Study on the Photocatalytic Degration of Diesel Pollutants in Seawater by Li⁺-Doped Nano-TiO₂

Abstract:

Li⁺-doped nanoTiO₂ particles with various amounts of dopant Li⁺ irons have been synthesized by a sol-gel process. The products were characterized by XRD and SEM.Which revealed that the crystal structure of Li⁺-doped nanoTiO₂ is anatase, and the nanoparticles diameter was 42nm. Five factous, including dosage of Li⁺-doped nanoTiO₂, initial concentration of diesel, pH value , photocatalytic degradetion reaction time and the presence of H₂O₂, are considered in the diesel degradation experiments. The results manifest that Li⁺-doped nanoTiO₂can be used as photocatalyst to removal diesel pollutants in seawater effectively.
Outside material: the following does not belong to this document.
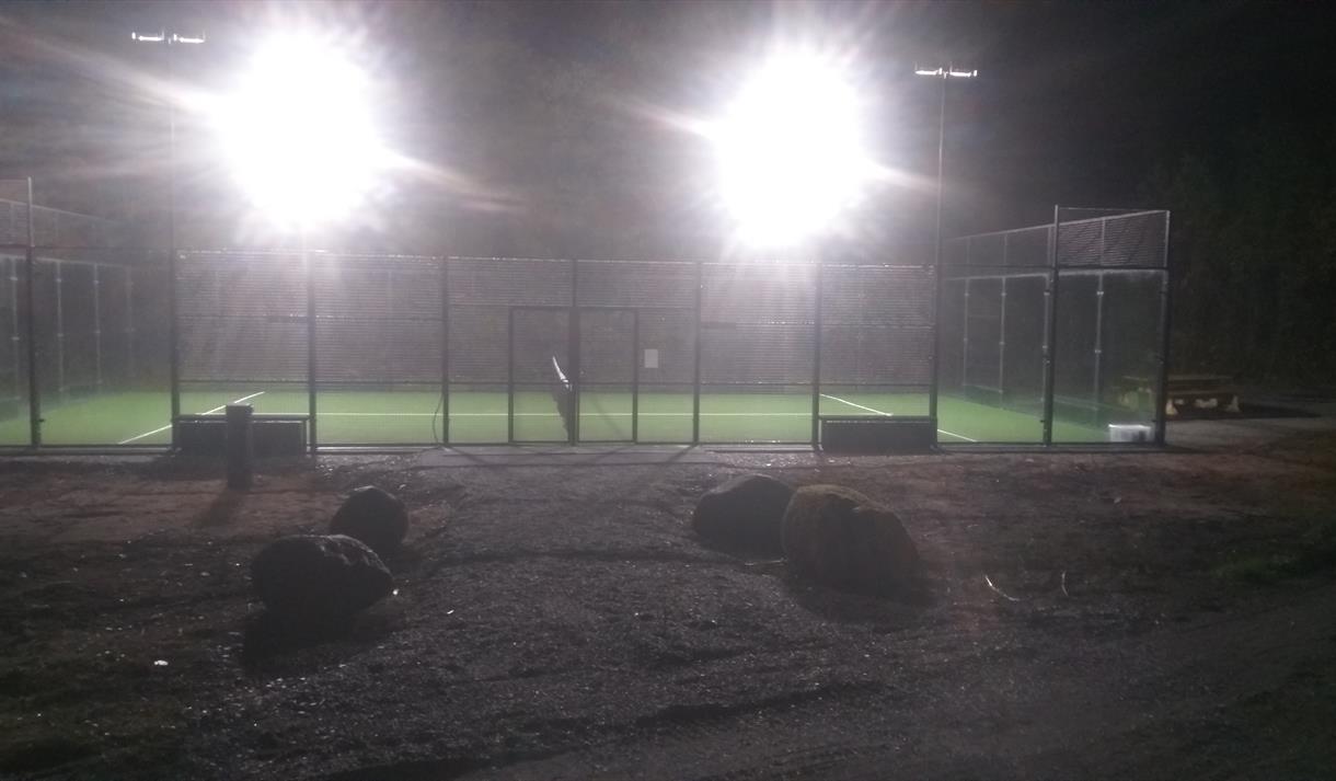 The track stays up as long as it is snow-free. The court has lights so you can play in the dark. Booking is done via Matchi, the code you receive by email is used for the lock. The racket and balls are on the court, and are part of the court.

When the ratio of Li⁺doped into TiO₂is 1%wt, the calcination temperature of Li-doped nanoTiO₂ is 500°C, the dosage of the Li⁺-doped nanometer TiO₂ is 0.4g/L, the initial concentration of diesel is 0.2g/L, pH value is 7.0, the reaction time is 2.5h and the H₂O₂ dosage is 0.2g/L, the removal rate of diesel pollutants is up to 88.10%.